Dataset entries:
<<<<

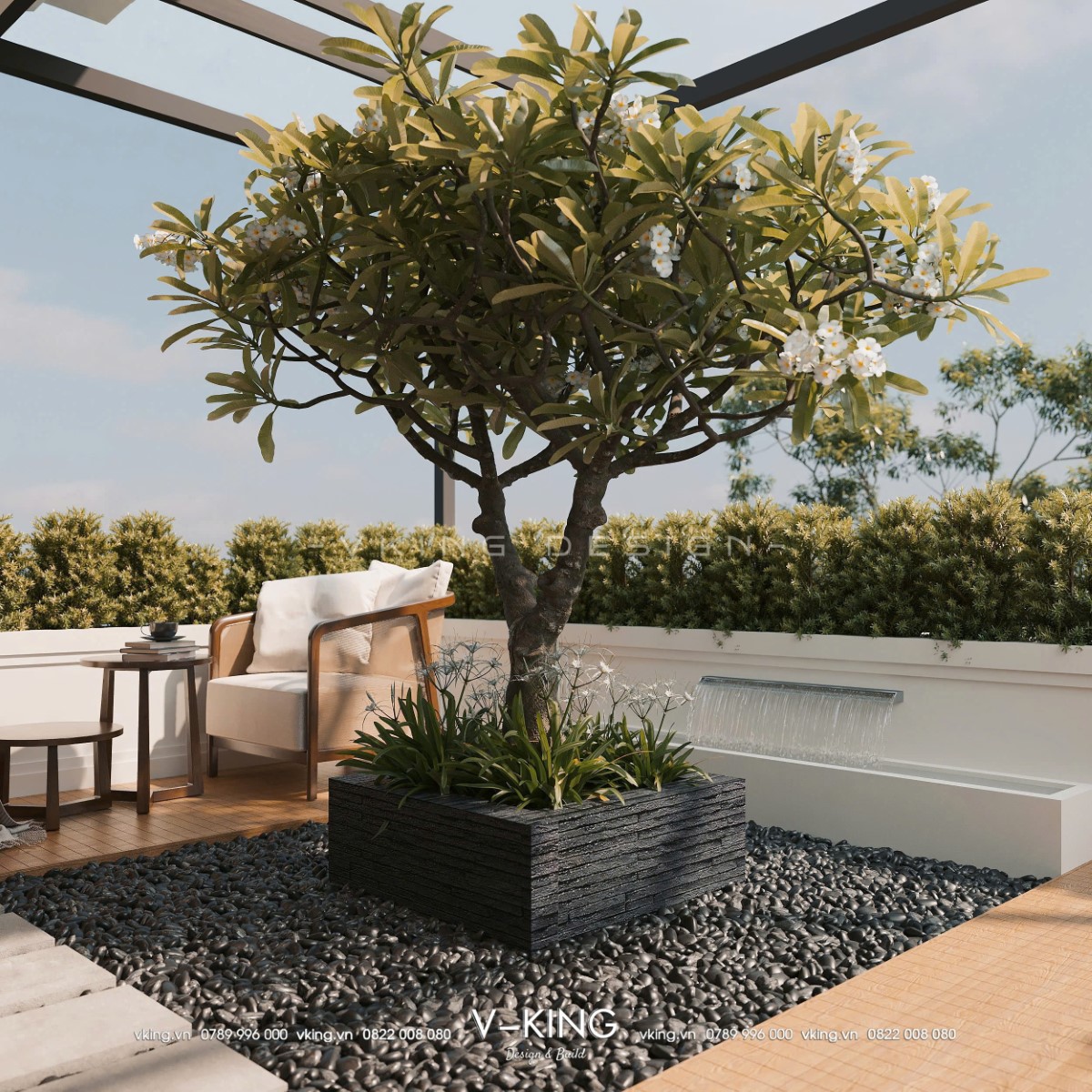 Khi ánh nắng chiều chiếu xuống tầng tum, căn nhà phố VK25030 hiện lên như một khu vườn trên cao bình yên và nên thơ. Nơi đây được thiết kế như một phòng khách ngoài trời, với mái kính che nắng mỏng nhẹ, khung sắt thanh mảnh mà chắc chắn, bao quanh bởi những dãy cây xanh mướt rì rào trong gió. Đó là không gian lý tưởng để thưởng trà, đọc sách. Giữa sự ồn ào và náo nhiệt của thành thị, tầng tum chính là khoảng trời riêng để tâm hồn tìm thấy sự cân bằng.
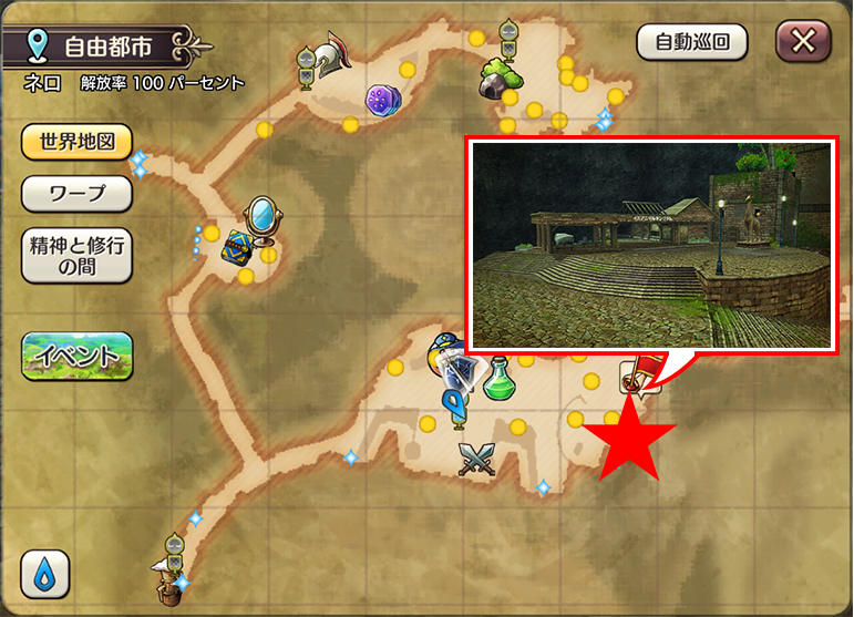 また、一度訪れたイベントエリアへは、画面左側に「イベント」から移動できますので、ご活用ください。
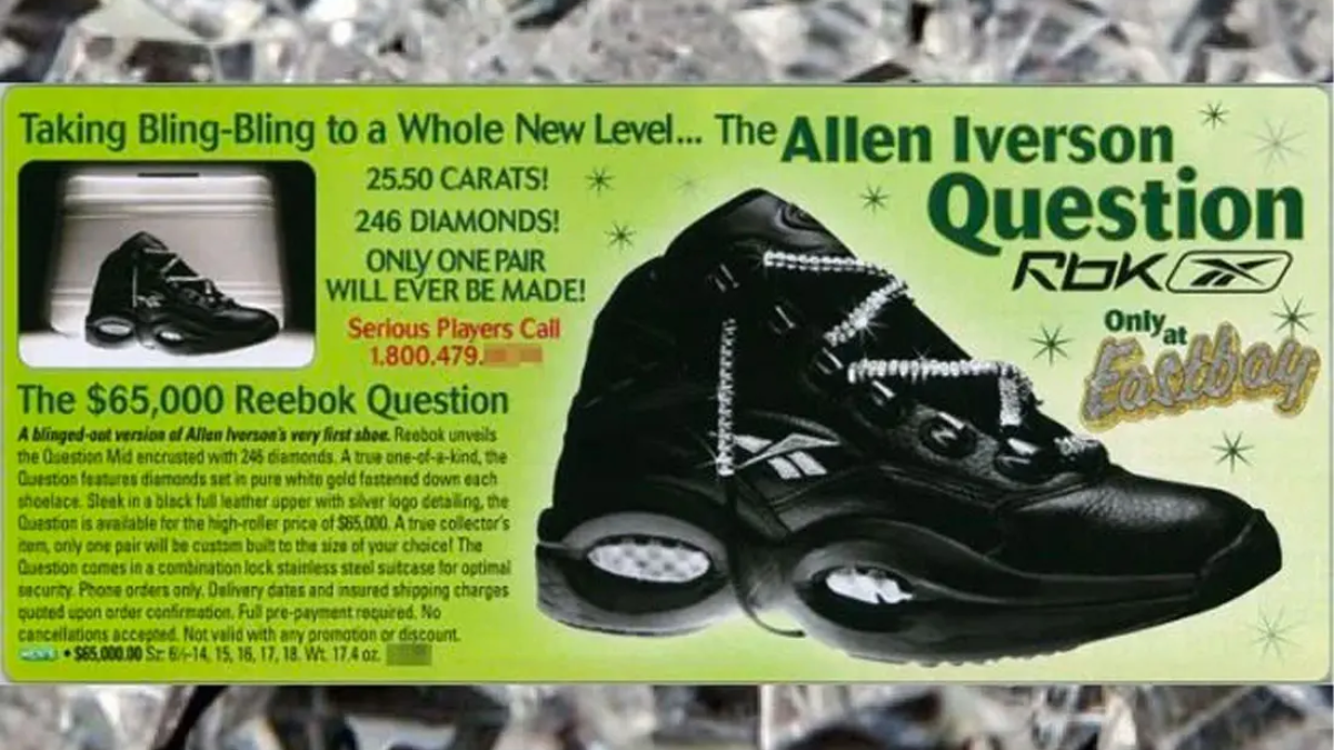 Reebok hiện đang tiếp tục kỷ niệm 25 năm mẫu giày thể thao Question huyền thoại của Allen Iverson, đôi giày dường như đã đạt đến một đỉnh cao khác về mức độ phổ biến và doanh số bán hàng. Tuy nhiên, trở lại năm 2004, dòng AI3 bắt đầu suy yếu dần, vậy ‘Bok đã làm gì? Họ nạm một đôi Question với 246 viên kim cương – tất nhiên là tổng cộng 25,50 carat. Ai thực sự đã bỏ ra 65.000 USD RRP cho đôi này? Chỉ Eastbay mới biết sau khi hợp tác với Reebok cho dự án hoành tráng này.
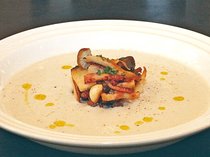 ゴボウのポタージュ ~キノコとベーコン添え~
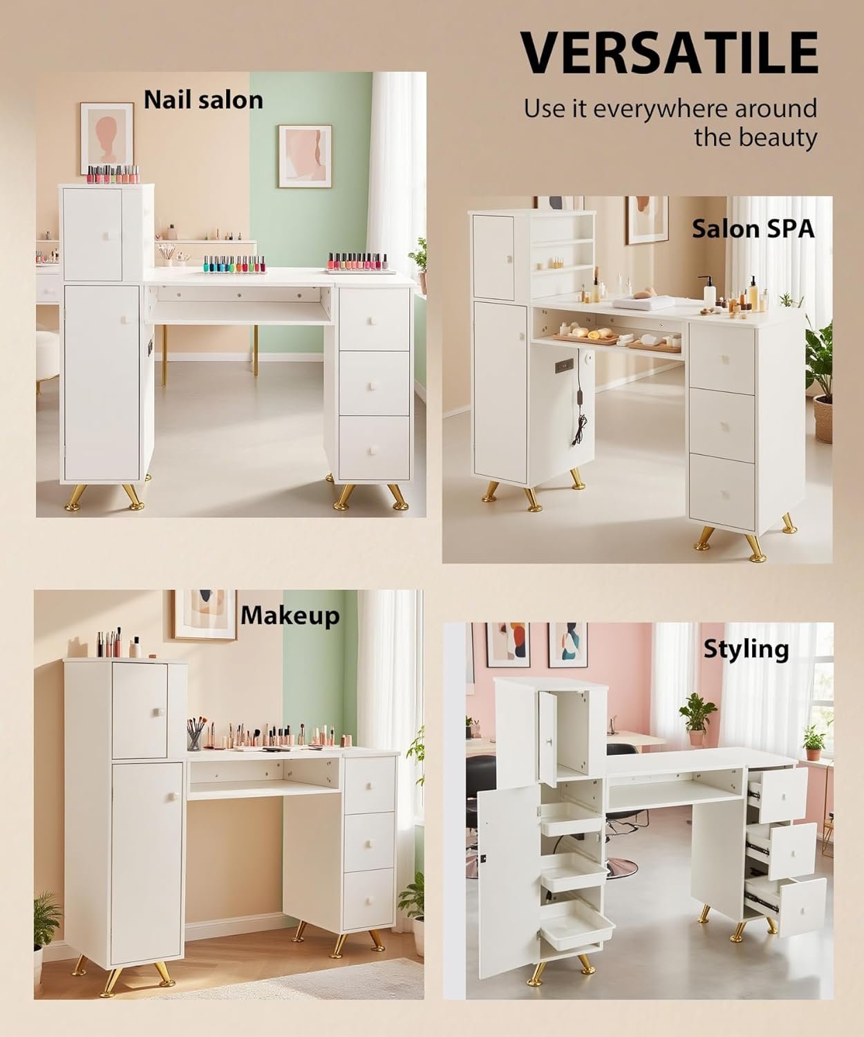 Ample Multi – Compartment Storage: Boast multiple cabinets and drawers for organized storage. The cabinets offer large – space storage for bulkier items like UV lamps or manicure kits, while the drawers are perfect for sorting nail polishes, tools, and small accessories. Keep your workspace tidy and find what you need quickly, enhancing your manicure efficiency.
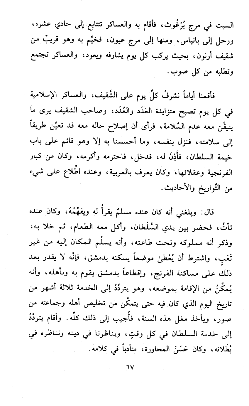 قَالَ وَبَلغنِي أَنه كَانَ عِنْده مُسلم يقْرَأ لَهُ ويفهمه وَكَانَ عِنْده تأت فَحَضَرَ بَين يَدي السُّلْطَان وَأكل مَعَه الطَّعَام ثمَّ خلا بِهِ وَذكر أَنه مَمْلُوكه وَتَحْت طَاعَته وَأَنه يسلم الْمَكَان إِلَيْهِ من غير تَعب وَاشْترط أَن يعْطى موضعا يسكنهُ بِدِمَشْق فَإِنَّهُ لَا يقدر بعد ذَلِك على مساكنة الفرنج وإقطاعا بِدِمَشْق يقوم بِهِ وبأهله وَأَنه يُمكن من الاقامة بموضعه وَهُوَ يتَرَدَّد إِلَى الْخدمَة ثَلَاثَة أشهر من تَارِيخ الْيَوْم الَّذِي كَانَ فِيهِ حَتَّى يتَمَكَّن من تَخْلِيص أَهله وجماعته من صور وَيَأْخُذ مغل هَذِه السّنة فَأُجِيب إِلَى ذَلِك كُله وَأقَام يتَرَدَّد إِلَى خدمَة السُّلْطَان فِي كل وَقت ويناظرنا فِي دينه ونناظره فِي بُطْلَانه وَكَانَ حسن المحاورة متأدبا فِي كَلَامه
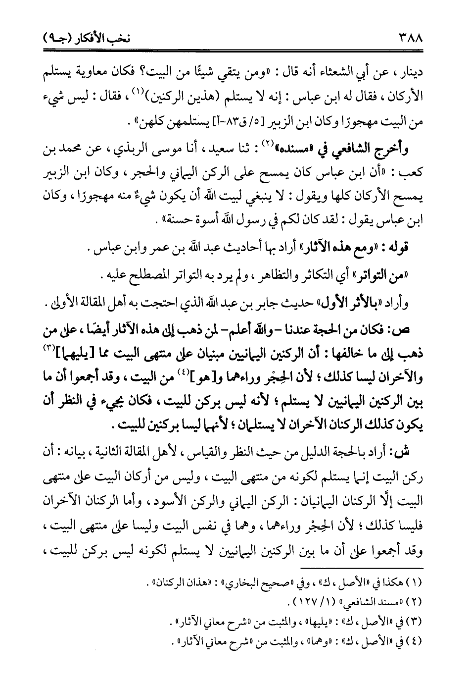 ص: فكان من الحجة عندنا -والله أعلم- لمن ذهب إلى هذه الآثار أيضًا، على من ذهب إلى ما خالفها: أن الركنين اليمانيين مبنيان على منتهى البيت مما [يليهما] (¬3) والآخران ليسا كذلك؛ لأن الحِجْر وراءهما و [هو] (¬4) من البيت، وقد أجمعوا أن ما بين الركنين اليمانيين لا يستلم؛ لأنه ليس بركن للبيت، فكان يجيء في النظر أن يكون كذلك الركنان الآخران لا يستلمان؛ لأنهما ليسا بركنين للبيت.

>>>>

● **AIM OF THE TASK**: Set the pictures aside and transcribe exactly the stretch of lines above, beginning with the one holding "ゴボウのポタージュ ~キノコとベーコン添え~" and ending with the one holding "Ample Multi –".

● **RESPONSE**:
 ゴボウのポタージュ ~キノコとベーコン添え~
 Ample Multi – Compartment Storage: Boast multiple cabinets and drawers for organized storage. The cabinets offer large – space storage for bulkier items like UV lamps or manicure kits, while the drawers are perfect for sorting nail polishes, tools, and small accessories. Keep your workspace tidy and find what you need quickly, enhancing your manicure efficiency.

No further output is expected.